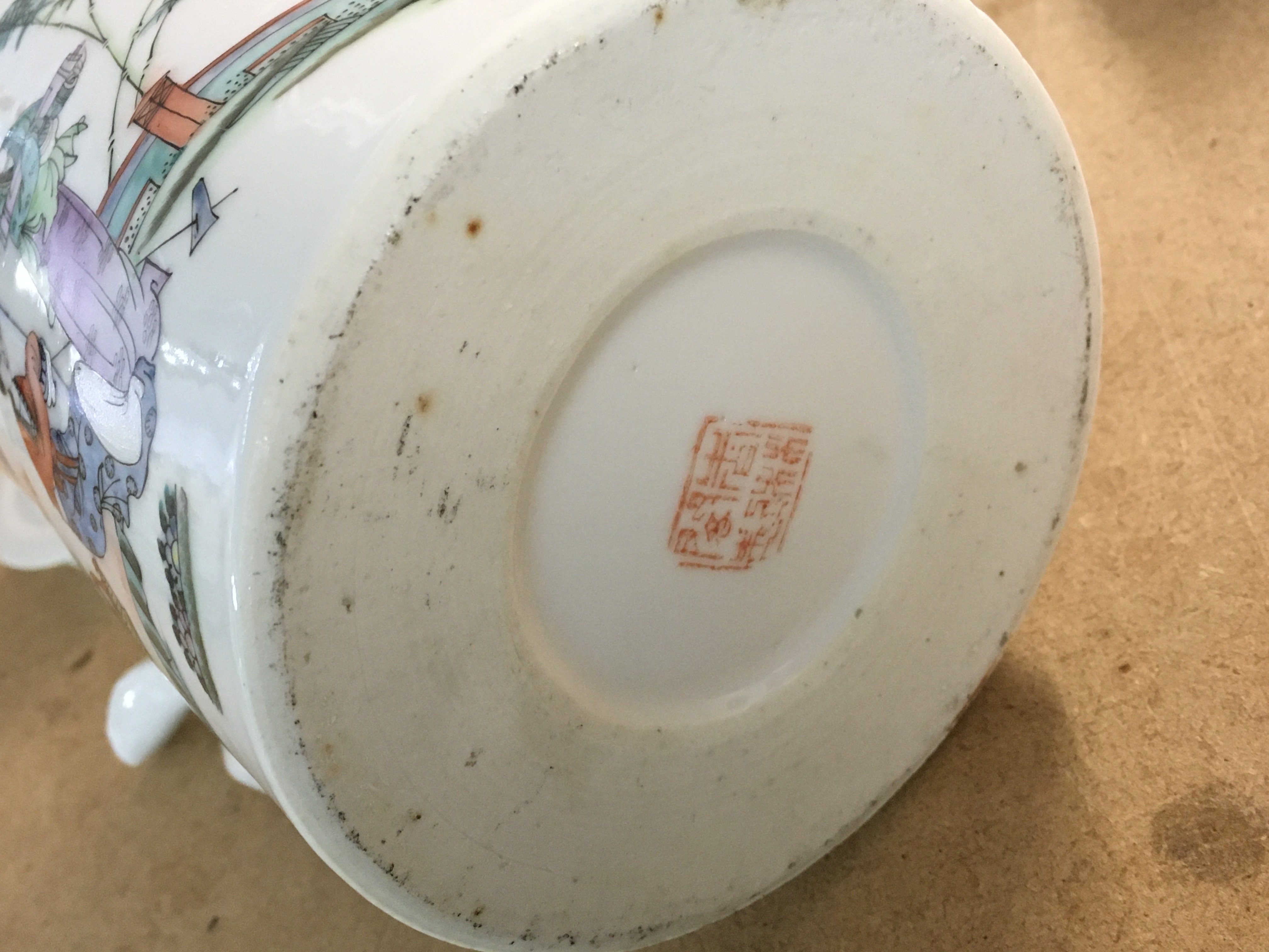 A Chinese blue and white porcelain bowl with lid along with other oriental items. Postage D
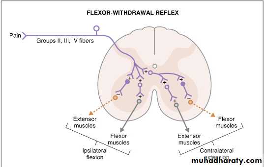 1.When a limb touches a painful stimulus (e.g., hand touches a hot stove), afferent nerve fibers (groups II, III, and IV) are activated. These afferent fibers synapse on multiple interneurons in the spinal cord (polysynaptic reflex).2.On the ipsilateral side of the pain stimulus, reflexes are activated that cause flexor muscles to contract and extensor muscles to relax, giving withdrawal of the hand from the painful stimulus.
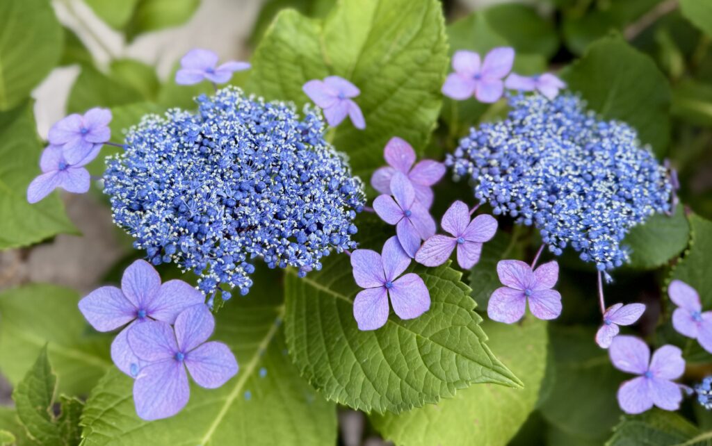 蕾から花開いたばかりの紫陽花もあれば、綺麗に花開いた紫陽花もあります。
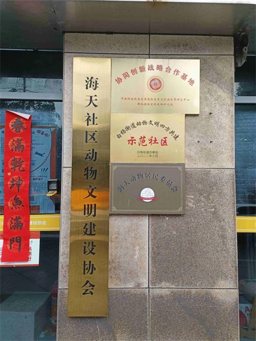 海天城一间沿街商铺,挂着“海天社区动物文明建设协会”(以下简称“动文会”)招牌,门口还挂着“协同创新战略合作基地”“白杨街道动物文明四方共建示范社区”及“海天动物居民委员会”三块牌子。
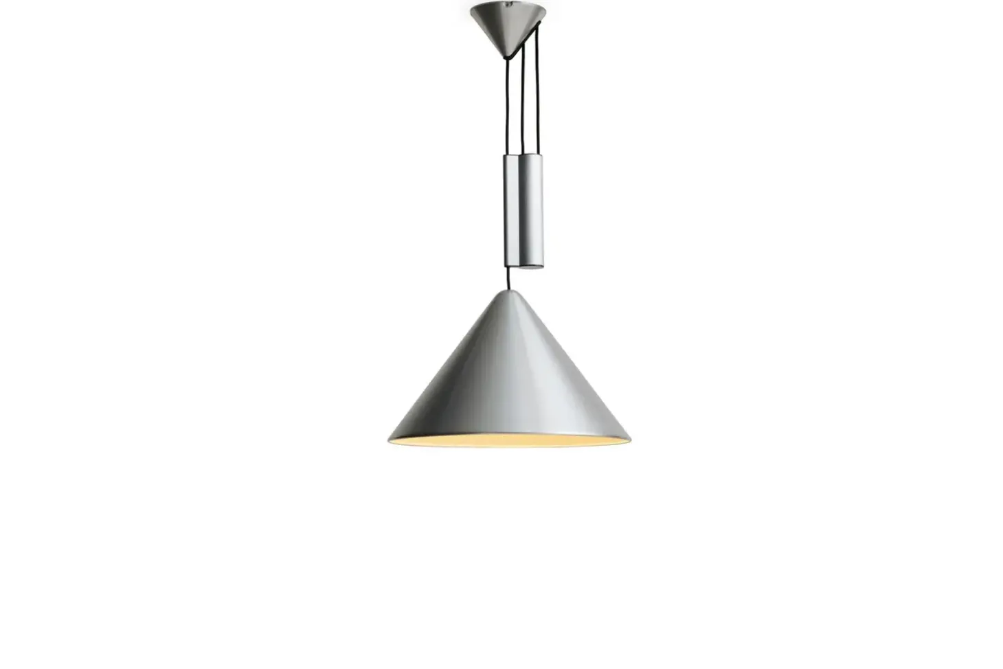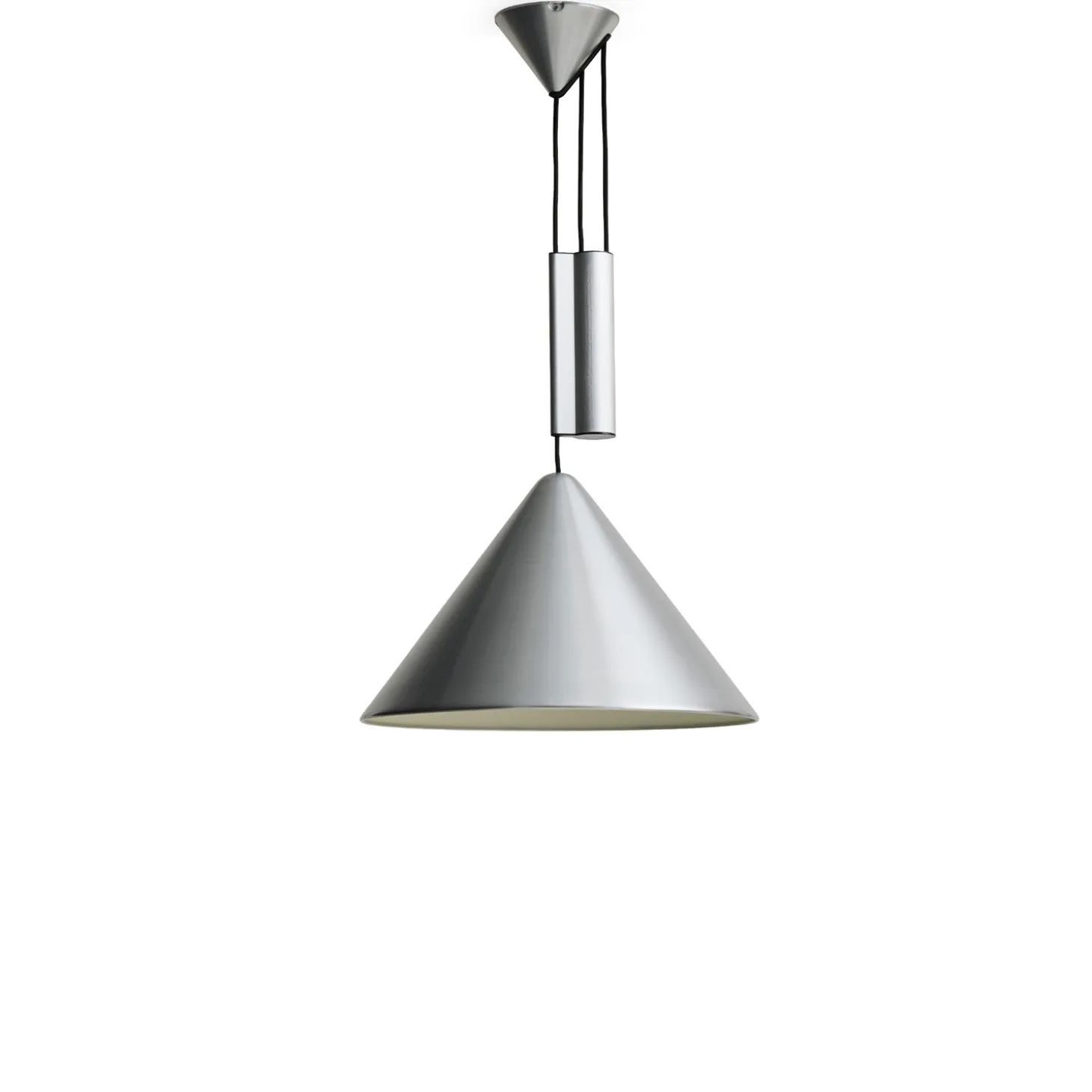Den kegleformede skærm spreder lyset effektivt i rummet, mens den børstede aluminiumsoverflade giver et roligt udtryk. Materialevalget betyder minimal vedligeholdelse og lang holdbarhed; aluminium er både let og korrosionsbestandigt.

- - -

## What you are asked to do:
Only the lines from the one that contains "蕾から花開いたばかりの紫陽花もあれば、綺麗に花開いた紫陽花もあります。" to the end of the records, inclusive, are to be quoted exactly, with pictures excluded.

## Expected answer:
 蕾から花開いたばかりの紫陽花もあれば、綺麗に花開いた紫陽花もあります。
 海天城一间沿街商铺,挂着“海天社区动物文明建设协会”(以下简称“动文会”)招牌,门口还挂着“协同创新战略合作基地”“白杨街道动物文明四方共建示范社区”及“海天动物居民委员会”三块牌子。
Den kegleformede skærm spreder lyset effektivt i rummet, mens den børstede aluminiumsoverflade giver et roligt udtryk. Materialevalget betyder minimal vedligeholdelse og lang holdbarhed; aluminium er både let og korrosionsbestandigt.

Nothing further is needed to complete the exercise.